К последней категории относилась Тесса. Ей вроде бы изначально требовалась электротерапия, но уже долгое время ей просто давали самые слабые препараты.
– Лечение электрошоком? – переспросила Нэнси.
– Скорее, шоковая терапия, – ответила сестра-хозяйка, будто усматривала здесь существенную разницу. – Но вы сказали, что она вам не родственница. Значит, вы не собираетесь ее забирать.
– У меня муж… Мой муж… он бы, наверное, мог оказаться в подобном месте, но я ухаживаю за ним дома.
– Надо же, – вздохнула сестра-хозяйка без недоверия и без сочувствия. – Проблема еще и в том, что у нее даже нет гражданства. Она и сама это понимает… Вы, наверное, не захотите с ней встречаться?
– Непременно захочу, –
– А. Ну что ж. Она тут недалеко, в пекарне. Уже несколько лет там трудится. По-моему, сначала тут работал наемный пекарь, но когда он ушел, замену искать не стали – да и незачем было, с Тессой-то. – Потом она встала и сказала: – Значит, так. Если хотите, я через какое-то время зайду и скажу, что мне нужно кое-что с вами обсудить. Чтобы вы могли уйти. Тесса довольно разумна, понимает, что к чему, и может расстроиться, если вы уедете без нее. Так что я подготовлю пути отхода.
Тесса поседела не полностью. Ее кудряшки были собраны под тугую сеточку на затылке, которая открывала совсем не морщинистый, блестящий лоб, ставший еще шире, выше и белее, чем прежде. Фигура тоже раздалась. Груди стали большими и на вид твердыми, как булыжники, а плечи, обтянутые белым пекарским халатом, несмотря на этот груз и ее позу – Тесса склонилась над столом и раскатывала большой ком теста, – казались прямыми и величавыми.
В пекарне не было никого, кроме нее и высокой худенькой симпатичной девушки – нет, женщины, – чье милое личико то и дело передергивали причудливые гримасы.
– О, Нэнси. Это ты, – сказала Тесса. Она говорила довольно естественно, хотя и с любезным придыханием, какое появляется у людей с избыточным весом и создает непроизвольное ощущение близости. – Хватит, Элинор. Не глупи. Принеси моей подруге стул.
Увидев, что Нэнси хочет ее обнять, как теперь было принято, она распереживалась:
– Ой, я вся в муке. А еще Элинор может тебя укусить. Элинор не любит, когда меня слишком обхаживают.
Элинор прибежала со стулом. Стараясь смотреть ей в лицо, Нэнси выговорила с особой любезностью:
– Большое спасибо, Элинор.
– Она не разговаривает, – объяснила Тесса. – Но помощница замечательная. Без нее я бы не справилась, верно, Элинор?
– Что ж, – проговорила Нэнси. – Удивительно, что ты меня узнала. Я поистрепалась за эти годы.
– Да. Я все думала, когда же ты придешь.
– Но ведь я за столько лет вполне могла умереть. Помнишь Джинни Росс?
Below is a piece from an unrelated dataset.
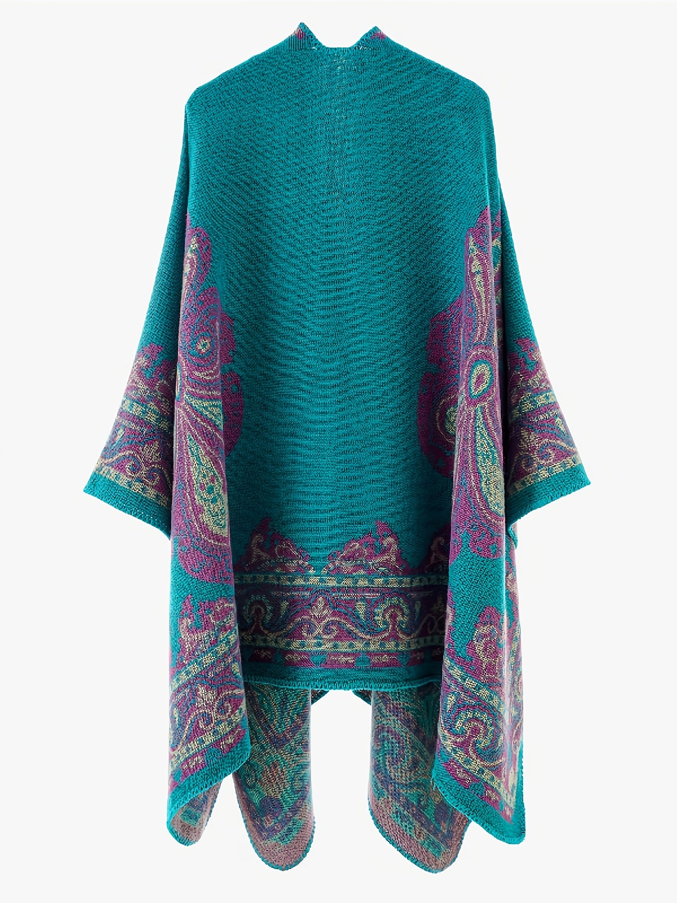 Women's Elegant Scottish Paisley Print Wrap Shawl Coat - Asymmetrical Long Sleeve All-Season Outerwear, Green & Brown Tartan Pattern, Versatile Travel & Formal Attire, Hand Washable Luxury Wrap Dress Accessory, Paisley Design with Green, Brown, and Golden

Ее уже нет в живых.
– Да.
Пирог – вот что пекла Тесса. Она вырезала из теста круг, швырнула его в жестяную форму и держала ее в воздухе, одной рукой умело поворачивая, а другой отрезая излишки. Все это она быстро проделала несколько раз. И спросила:
– А Уилф не умер?
– Нет, не умер. Но он немного съехал с катушек, Тесса. – Нэнси слишком поздно поняла, что это, возможно, прозвучало не слишком тактично, и попыталась загладить неловкость. – Он теперь совсем странный, бедный Волчонок.
Когда-то давно она пыталась говорить ему «Волчонок», подумав, что прозвище подходит к его выступающей челюсти, тонким усикам и ярким, жестким глазам. Но ему не понравилось, он счел это издевкой, и Нанси прекратила. Теперь он не спорил, и от одного звука этого прозвища Нэнси испытывала прилив тепла и нежности к мужу, что было не лишне в сложившихся обстоятельствах.